Please return each entry exactly as it appears, but not the pictures.

------------------------------------------------------------

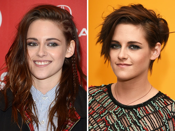 Один раз расставшись с локонами, Кристен, кажется, так и не смогла заставить себя вновь отрастить волосы: боб сменялся каре, каре ─ «гаврошем», «гаврош» ─ ежиком (умолчим о гламурной желтизне и отросших концах волос — они в определенном прочтении до сих пор в моде). Из коротких вариантов Стюарт нам больше всего нравится немного вольнодумный, но подкупающий этим вариант «каре на ножке».
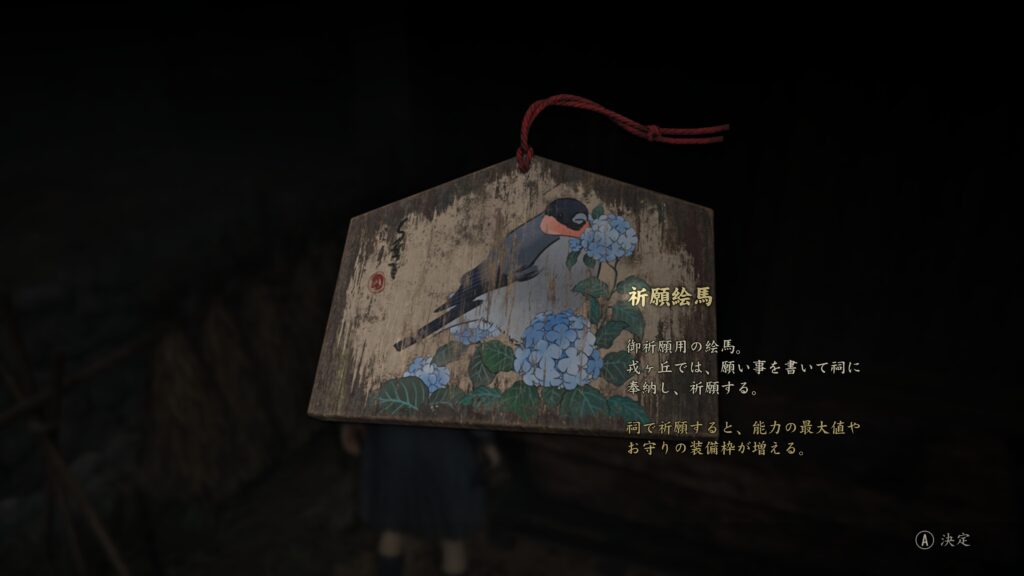飛ばされる前に必ず上左の黄色丸から「祈願絵馬」を入手しておこう。
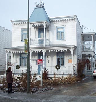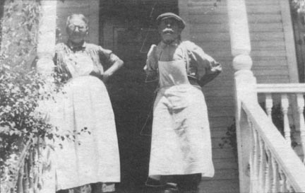 Le boulanger David Goyer dit Bélisle et son épouse Cordélia Lapointe, devant la maison, avant 1923.
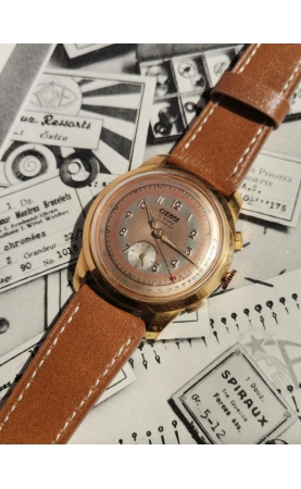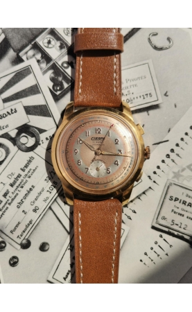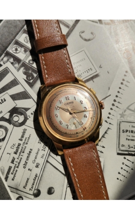 En 1946 est créée Cierpa, une centrale d'achat de diffusion d'objets divers semblable à sa concurente Manufrance St Etienne. Plusieurs articles disponibles comme des briquets, des bijourx et des articles d'horlogerie comme des calendographes nommés Calendocierpa. Notre exemplaire est un rare chronostop des années 50, de taille jumbo equipé d'un mouvement modificé sur base AS.
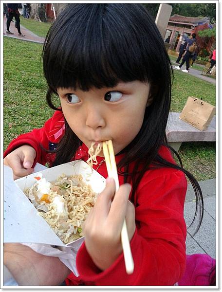 我們又有很多小朋友,所以決定外帶去對面的五妃廟內吃
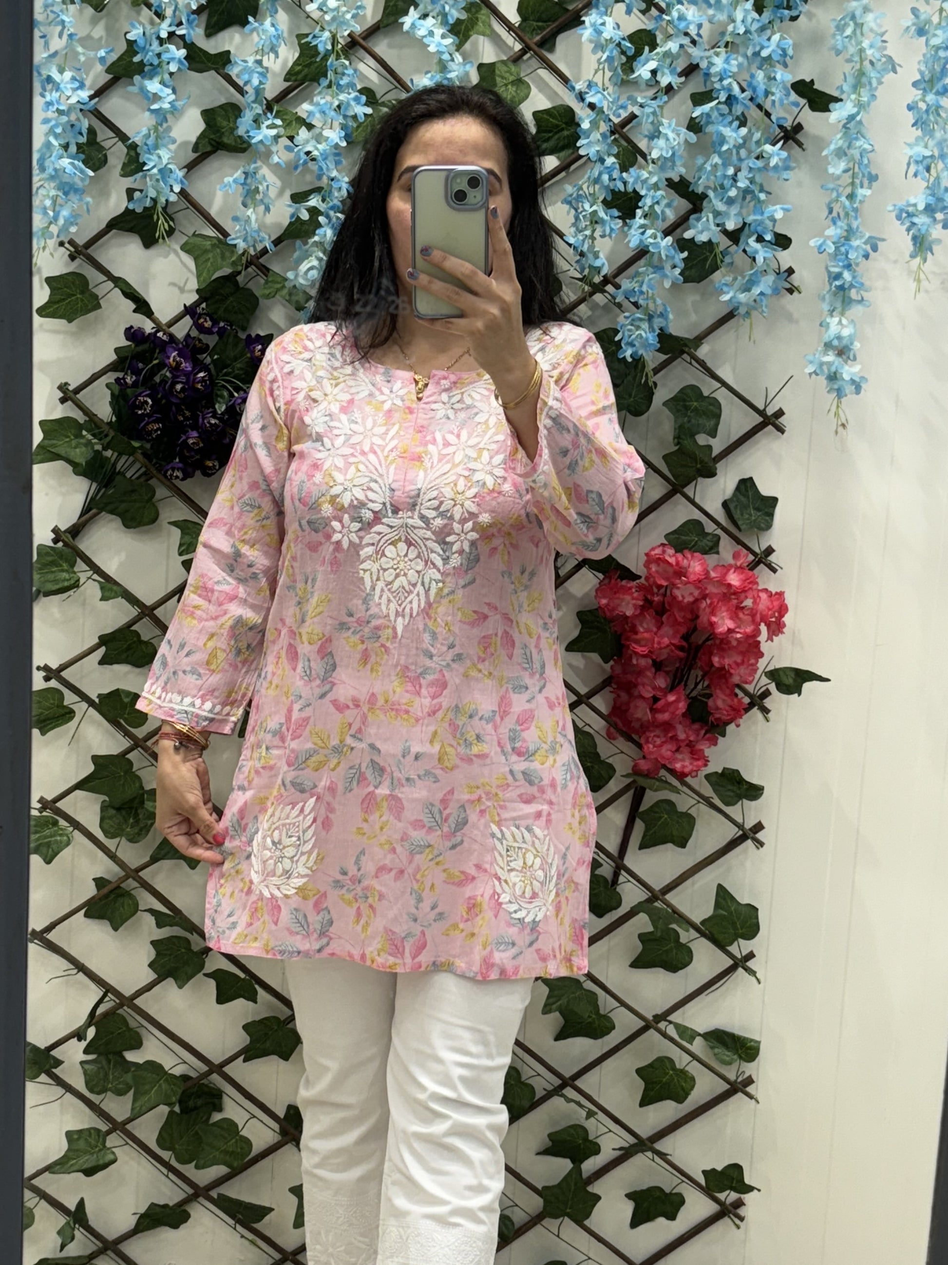 Pink Cotton Chikankari Kurti

------------------------------------------------------------

▶ _Written answer_:
 Один раз расставшись с локонами, Кристен, кажется, так и не смогла заставить себя вновь отрастить волосы: боб сменялся каре, каре ─ «гаврошем», «гаврош» ─ ежиком (умолчим о гламурной желтизне и отросших концах волос — они в определенном прочтении до сих пор в моде). Из коротких вариантов Стюарт нам больше всего нравится немного вольнодумный, но подкупающий этим вариант «каре на ножке».
飛ばされる前に必ず上左の黄色丸から「祈願絵馬」を入手しておこう。
 Le boulanger David Goyer dit Bélisle et son épouse Cordélia Lapointe, devant la maison, avant 1923.
 En 1946 est créée Cierpa, une centrale d'achat de diffusion d'objets divers semblable à sa concurente Manufrance St Etienne. Plusieurs articles disponibles comme des briquets, des bijourx et des articles d'horlogerie comme des calendographes nommés Calendocierpa. Notre exemplaire est un rare chronostop des années 50, de taille jumbo equipé d'un mouvement modificé sur base AS.
 我們又有很多小朋友,所以決定外帶去對面的五妃廟內吃
 Pink Cotton Chikankari Kurti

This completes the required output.